On May 24th, 2023 a bibliometric analysis of ChatGPT in Obstetrics and Gynecology (OBGYN) during a 69-day period found 0 relevant articles on its application [23]. Our study’s findings show a significant increase with 28 articles categorized under obstetric gynecology reflecting ChatGPTs adoption by more disciplines. Additionally, the disciplines of oncology, nursing, and medical informatics are all represented significantly in the top 10 categories of ChatGPT medical research. ChatGPT and NLP AI’s uses are extraordinarily dynamic; as more research is being done on its accuracy generally in medicine, more disciplines have begun incorporating it practically.

A similar study to this was conducted by Barrington et al. in Sep of 2023. The findings are mirrored by our results even with the addition of a wider date range of data collection. This demonstrates a trend in the direction of ChatGPT’s medical research and also solidifies the need for unresolved gaps in research to be addressed, namely into the limitations of ChatGPT ethically and in regards to accuracy and safety [24].

Limitations

Among the limitations of this study is its reliance on the Web of Science as the sole source of data.

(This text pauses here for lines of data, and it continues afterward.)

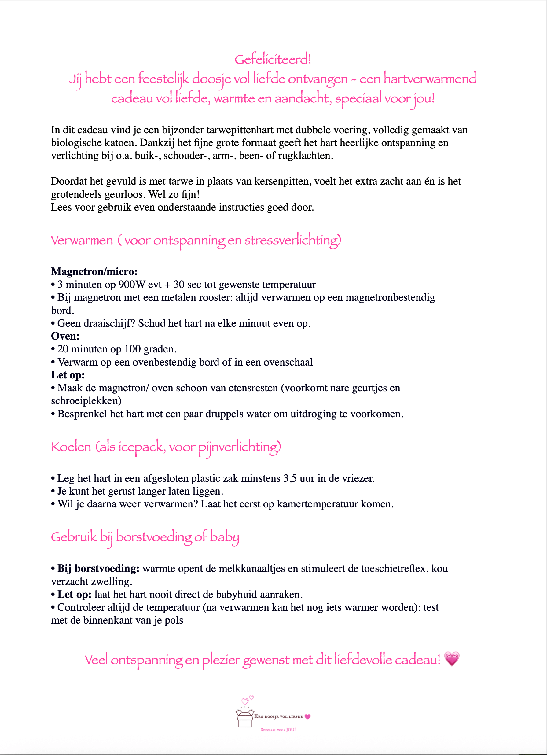 • Een prachtig XL tarwepittenhart  – te verwarmen, verkoelen of gewoon mooi ter decoratie.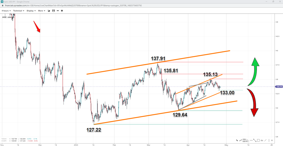 In the medium term, the low of 129.64 appears to offer a similar corrective pattern unless the move up to 135.13 is a wedge. If so, the shorter terr channel might hold potential bearish action and lead to further upside. Losing the channel low though, might open the door to 131.75 if 133.00 succumbs to potential pressure. Conversely, the break of 135.00 might see prices rise toward 138.00, provided 135.81 gives way to bulls.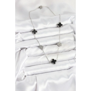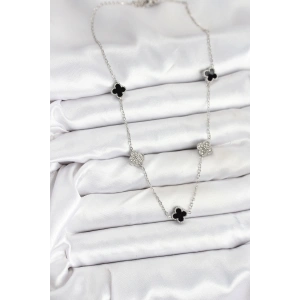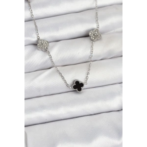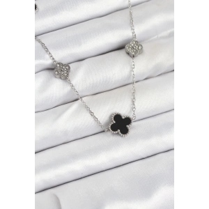 316L Çelik Zincir Gümüş Renk Siyah ve Zirkon Taşlı Baby Boy Yonca Kadın Kolye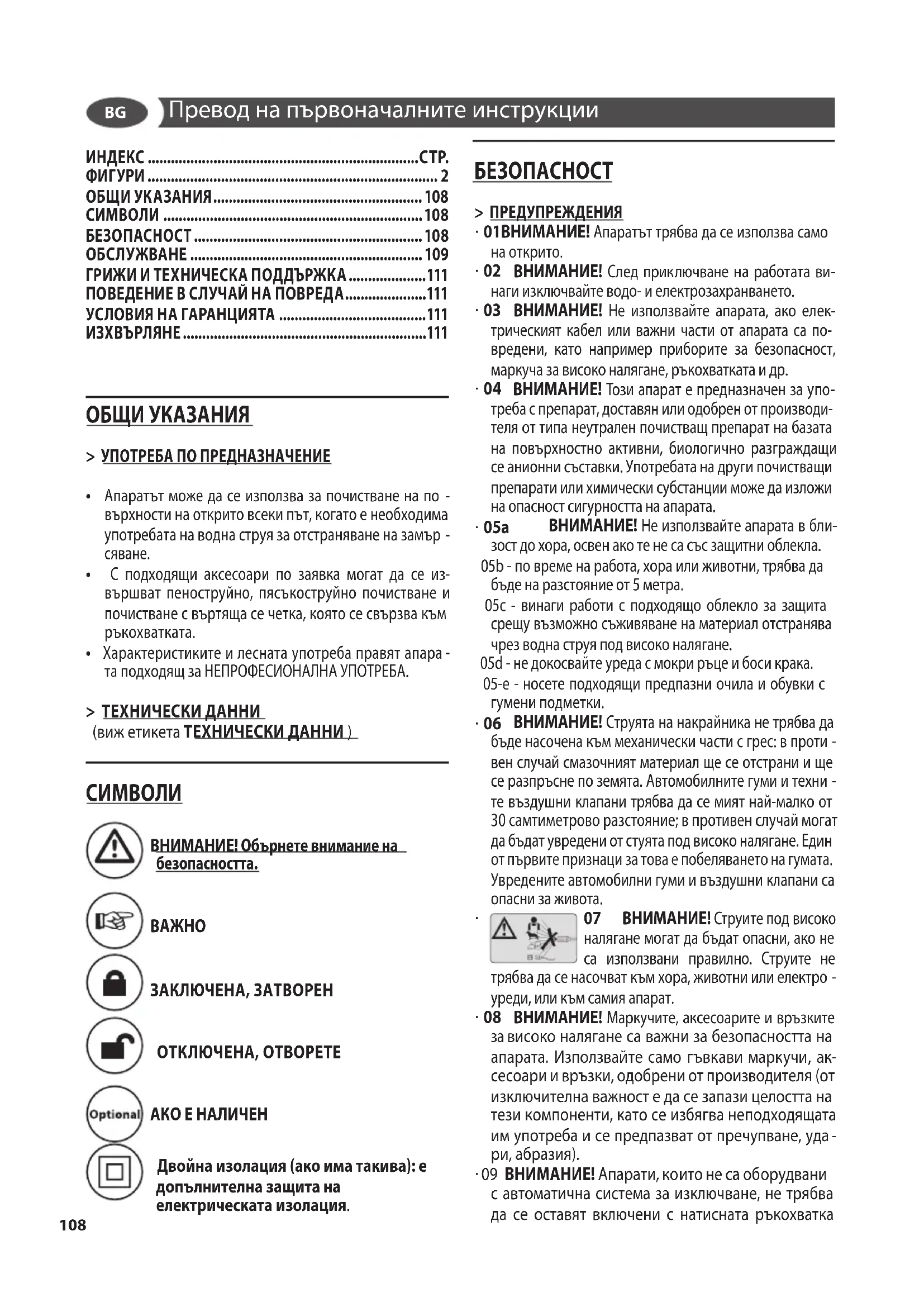 - 03 ВНИМАНИЕ! Не използвайте апарата, ако елек- трическият кабел или важни части от апарата са по- вредени, като например приборите за безопасност, маркуча за високо налягане, ръкохватката и др.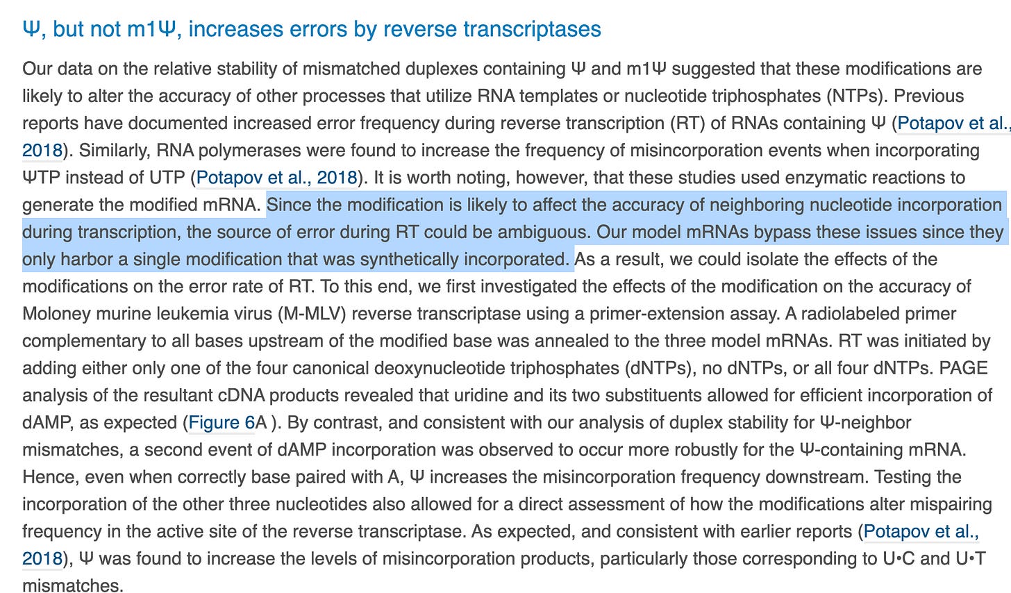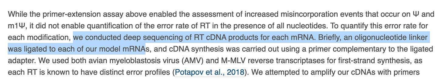 First fowl- Why on Earth are they studying Reverse Transcriptase error rates when the vax manufacturing process doesn’t entail this? The process utilizes a DNA template from a plasmid and a RNA polymerase. I’m confused by this whole section.

While Web of Science is expansive, there are discrepancies between it and a database such as PubMed, particularly in newer articles [25]. Additionally, this study only examined the keyword ChatGPT and did not explicitly include other forms of NLP AI limiting its ability to create a general image of this technology in medicine.

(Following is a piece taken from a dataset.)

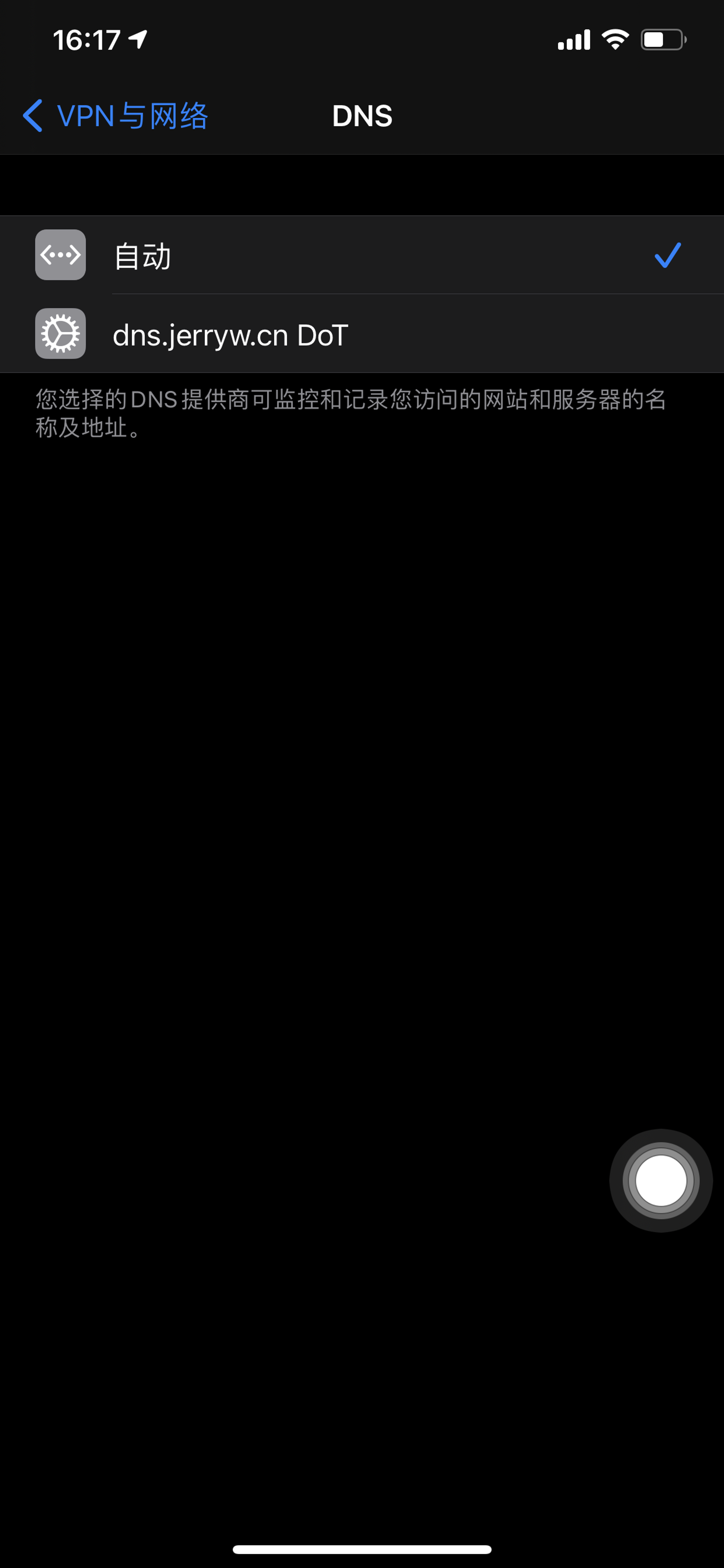 你可以通过「设置- VPN 与网络-DNS」设置及选择要使用的 DNS 配置。

As with all medical research, academic interests and concerns are bound to change with the addition of new articles. Especially in the case of ChatGPT given the rapid research that surrounds it and its position as an avant-garde tool, even weeks after the publication of this article can see a reshuffling in research priorities. Despite this fact, the study provided does encompass the largest bibliometric date range on ChatGPT as of this time.

Conclusion

The literature on ChatGPT in medicine is extensive considering how new the platform is. Many medical specialties are exploring applications of the platform, and this study has shown that month over month an increasing number of disciplines are getting involved. Much of this research shares the same limitations, the safety, privacy, and accuracy of using ChatGPT for patient care. This gap in the literature needs further research if proposed applications are to be put into practice. Our analysis also emphasizes much-needed skepticism in reviewing said research, as much of the current studies could be at risk for retraction as more information is found. Concerns around the use of ChatGPT’s use medically in nonclinical settings are also found, a topic that is sorely underrepresented in current findings. The conclusion of this paper necessitates that more research be done into ChatGPT’s reliability for providing appropriate patient care in order to allow for applications in clinical settings, and the implications of ChatGPT’s use in non-medically trained hands.